CPI strengthens hawkish argument in Fed inflation war

US September CPI strengthens hawkish argument in Fed inflation war

Consumer prices in the United States rose more than anticipated in September, and underlying inflation pressures were increasing, which raised hopes that the Federal Reserve will raise interest rates by another 75 basis points next month.

The Labor Department said on Thursday that the consumer price index increased by 0.4% in September after increasing by 0.1% in August. Reuters polled economists, and they predicted a 0.2% increase in the CPI.

Consumer prices in the United States rose more than anticipated in September, and underlying inflation pressures were increasing, which raised hopes that the Federal Reserve will raise interest rates by another 75 basis points next month.

The Labor Department said on Thursday that the consumer price index increased by 0.4% in September after increasing by 0.1% in August. Reuters polled economists, and they predicted a 0.2% increase in the CPI.

After increasing by 8.3% in August, the CPI grew by 8.2% for the preceding twelve months to September. The annual CPI increased the most since November 1981, reaching a peak of 9.1% in June. read on to learn more

Market response:

STOCKS: S&P 500 futures declined substantially, falling 2.0%.

BONDS: The yield on 10-year Treasury notes increased by 12.4 basis points to a 14-year high of 4.026%; the yield on two-year U.S. Treasury notes increased by 18.3 basis points to a 15-year high of 4.470%.

The head of ALAN B. LANCZ & Associates in Toledo, Ohio is Alan Lancz.

“CPI was underwhelming. “With these CPI statistics we’re nearly back to the end of the second-quarter mid-summer mentality that maybe we haven’t seen the worst, and that maybe it’s not something that could be temporary,” said one investor who was hoped to get a little control over inflation.

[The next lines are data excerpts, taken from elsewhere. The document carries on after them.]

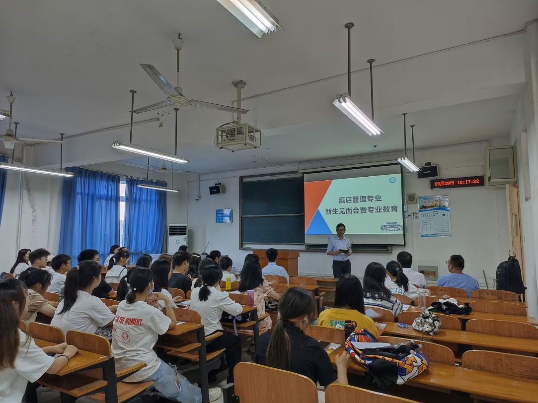 本网讯(通讯员:李丽霞)2022年9月29日下午,2号教学楼2311教室气氛活跃,热闹非凡,管理学院领导班子部分成员和旅游与酒店管理系全体教师一起,与2022级酒店管理2班(专升本)和2022级酒店管理1班的新生们分别举办了别开生面的新生见面会。
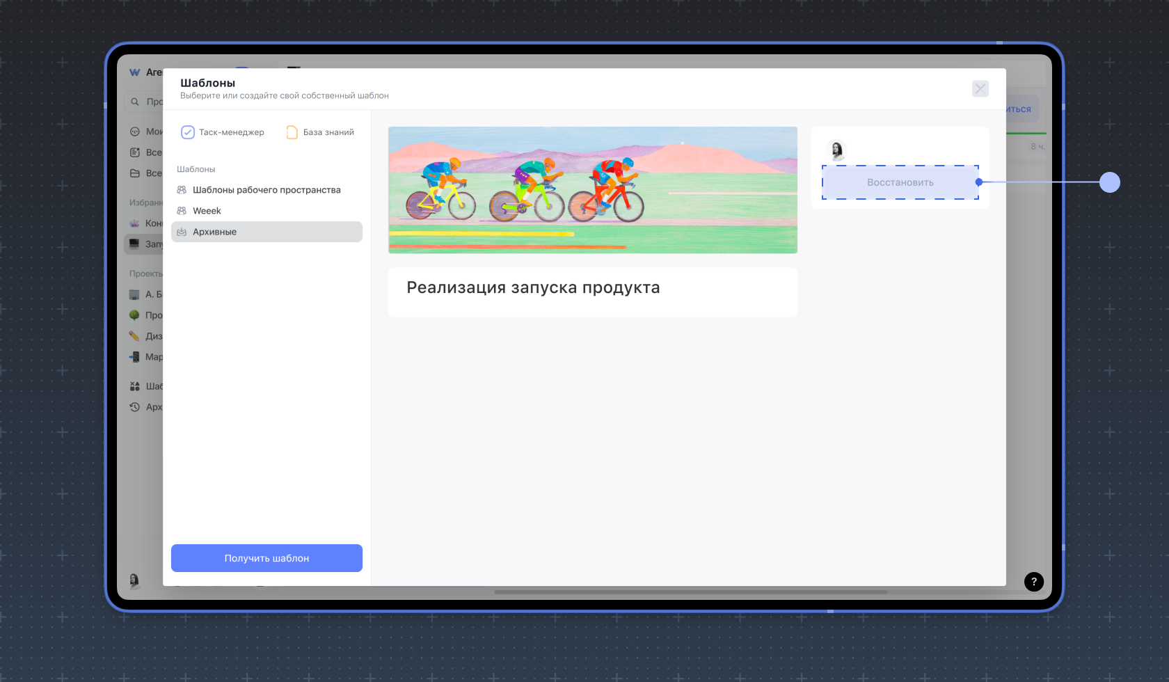 Чтобы найти и восстановить ранее архивированный шаблон, в разделе Шаблоны перейдите в Архивные. Здесь находятся все шаблоны, которые когда-либо были архивированы.
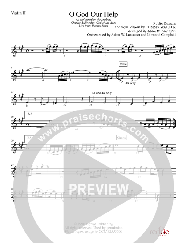 Download the Orchestration for O God Our Help In Ages Past by Charles Billingsley, from the album God Of The Ages. This song was arranged by Adam Lancaster in the key of A.
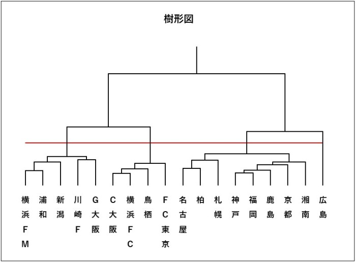 上表の数値を使いクラスター分析をしました。結果の樹形図は下図の通りです。
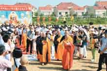 巴黎佛光山二十七日動工,由佛光山歐洲總住持滿謙法師(前)主持灑淨祈福典禮。人間社記者劉傑攝
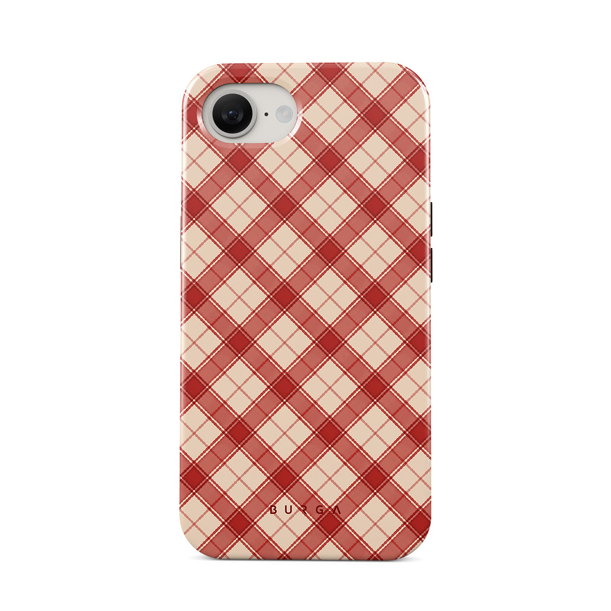 Denna design har: röd och tan plaid, diagonalt plaidmönster, klassisk tartan, buffelrutestil, traditionell julplaid

MACE M. MCCAIN, FROST INVESTMENT ADVISORS, LLC’s President, Managing Director, and Chief Investment Officer

“Both the headline and core CPI numbers came in substantially higher than anticipated, which is unfortunate. We had hoped to see some easing in inflation, but as of right now, we are not. There just isn’t anything the Fed can do to change its course.”

They might be getting ahead of themselves because monetary policy takes into account the lag. I don’t believe that anything will stop them from continuing their course at this point, though, given the sentiment that the Fed governors have been expressing.”

BMO Capital Markets’ IAN LYNGEN, HEAD OF US RATES STRATEGY

“As news of the likely reversal of some elements of the UK’s fiscal plan hit the public, the market was heavily bid prior to the release of the data, with 10-year rates falling below 3.85%. The market reaction to the data has more than undone that advance, and from here we’ll be looking for a breach of 4% to put a larger downtrade to 4.103% as the next support. While there will undoubtedly be discussion about the possibility of a 100 bp climb, this print solidifies a 75 bp increase in November, making the more pertinent topic of whether Dec’s and Feb’s hikes will be increased more important.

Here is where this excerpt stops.